**MATERIAL SUPPLIED:**
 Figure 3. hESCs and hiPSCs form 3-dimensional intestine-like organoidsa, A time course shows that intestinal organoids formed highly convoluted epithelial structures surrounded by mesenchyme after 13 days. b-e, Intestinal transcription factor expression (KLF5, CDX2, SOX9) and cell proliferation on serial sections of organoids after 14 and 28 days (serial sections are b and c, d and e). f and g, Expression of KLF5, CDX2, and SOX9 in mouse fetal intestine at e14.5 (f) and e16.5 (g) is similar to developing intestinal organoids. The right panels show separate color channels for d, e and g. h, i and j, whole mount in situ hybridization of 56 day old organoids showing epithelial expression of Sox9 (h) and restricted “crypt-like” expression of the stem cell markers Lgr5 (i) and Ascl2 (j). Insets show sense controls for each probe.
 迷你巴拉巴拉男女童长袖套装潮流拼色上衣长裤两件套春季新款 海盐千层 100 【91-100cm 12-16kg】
...
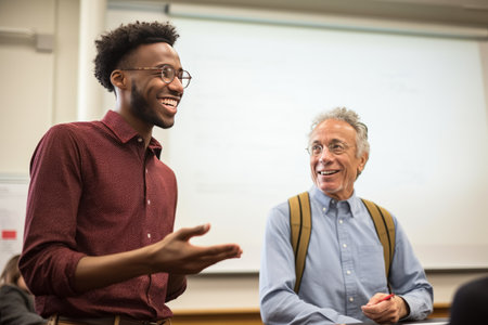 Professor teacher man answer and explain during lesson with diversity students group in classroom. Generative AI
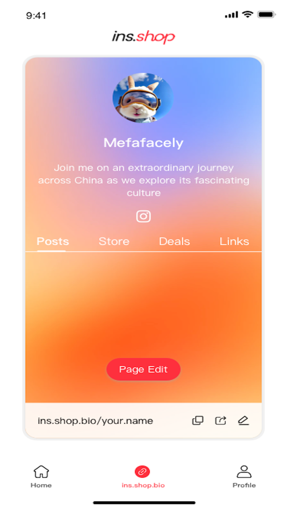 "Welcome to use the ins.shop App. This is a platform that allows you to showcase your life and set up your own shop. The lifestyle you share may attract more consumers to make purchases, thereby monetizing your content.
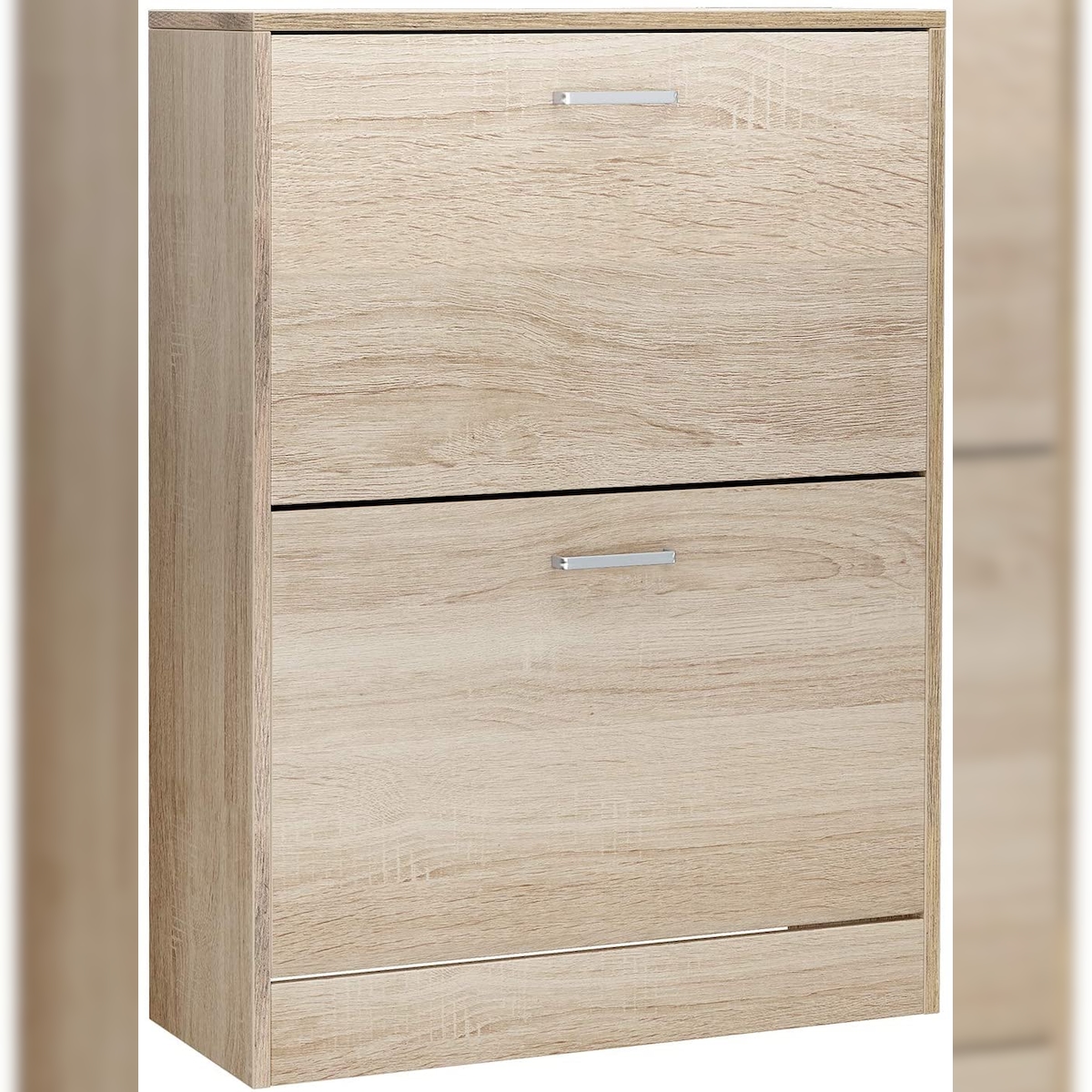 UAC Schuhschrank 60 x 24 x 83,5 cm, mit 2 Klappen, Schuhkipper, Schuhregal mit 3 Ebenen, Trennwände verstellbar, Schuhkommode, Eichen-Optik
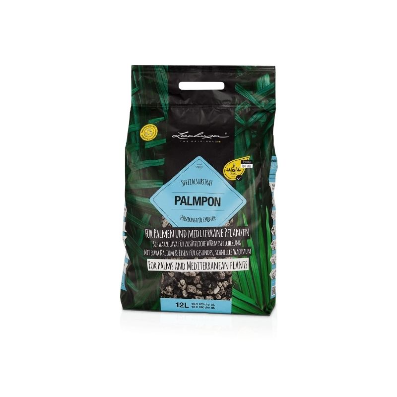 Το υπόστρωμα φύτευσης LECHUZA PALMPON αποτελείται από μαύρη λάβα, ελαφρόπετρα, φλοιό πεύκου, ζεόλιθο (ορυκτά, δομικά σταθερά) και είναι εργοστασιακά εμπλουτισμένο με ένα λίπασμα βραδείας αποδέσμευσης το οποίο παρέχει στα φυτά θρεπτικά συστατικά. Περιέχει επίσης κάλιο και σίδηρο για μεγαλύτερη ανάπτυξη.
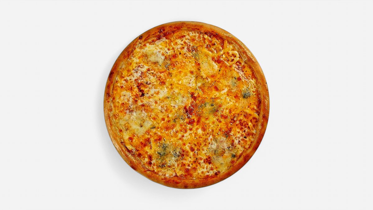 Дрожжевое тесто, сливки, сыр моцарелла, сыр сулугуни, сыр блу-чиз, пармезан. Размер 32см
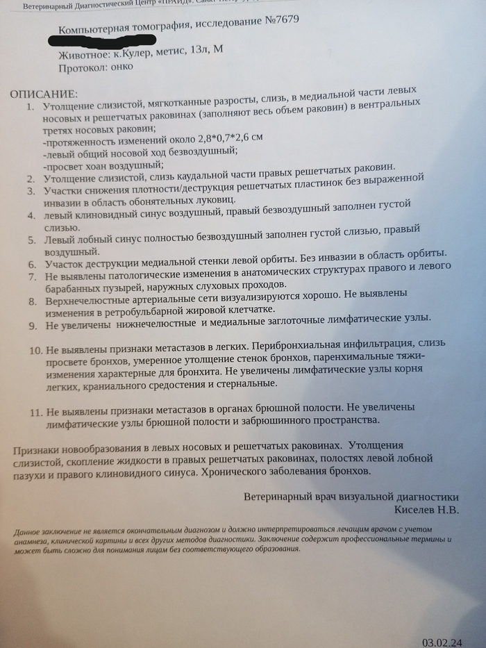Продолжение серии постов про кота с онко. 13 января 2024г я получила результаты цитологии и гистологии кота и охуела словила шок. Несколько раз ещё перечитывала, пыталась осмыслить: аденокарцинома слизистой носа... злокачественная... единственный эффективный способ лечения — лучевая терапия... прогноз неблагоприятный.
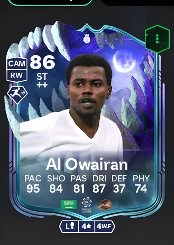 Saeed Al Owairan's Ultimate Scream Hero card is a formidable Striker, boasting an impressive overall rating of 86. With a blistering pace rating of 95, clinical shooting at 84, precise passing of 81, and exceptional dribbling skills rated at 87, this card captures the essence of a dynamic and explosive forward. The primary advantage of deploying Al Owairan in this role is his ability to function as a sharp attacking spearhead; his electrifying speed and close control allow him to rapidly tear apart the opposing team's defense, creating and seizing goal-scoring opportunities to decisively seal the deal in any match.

**WHAT IS BEING ASKED:** Within the listing above, the lines from the one with "Дрожжевое тесто, сливки, сыр" through the one with "Saeed Al Owairan's" are to be given again word for word. Do not include pictures.

**SOLUTION TO THE EXERCISE:**
 Дрожжевое тесто, сливки, сыр моцарелла, сыр сулугуни, сыр блу-чиз, пармезан. Размер 32см
Продолжение серии постов про кота с онко. 13 января 2024г я получила результаты цитологии и гистологии кота и охуела словила шок. Несколько раз ещё перечитывала, пыталась осмыслить: аденокарцинома слизистой носа... злокачественная... единственный эффективный способ лечения — лучевая терапия... прогноз неблагоприятный.
 Saeed Al Owairan's Ultimate Scream Hero card is a formidable Striker, boasting an impressive overall rating of 86. With a blistering pace rating of 95, clinical shooting at 84, precise passing of 81, and exceptional dribbling skills rated at 87, this card captures the essence of a dynamic and explosive forward. The primary advantage of deploying Al Owairan in this role is his ability to function as a sharp attacking spearhead; his electrifying speed and close control allow him to rapidly tear apart the opposing team's defense, creating and seizing goal-scoring opportunities to decisively seal the deal in any match.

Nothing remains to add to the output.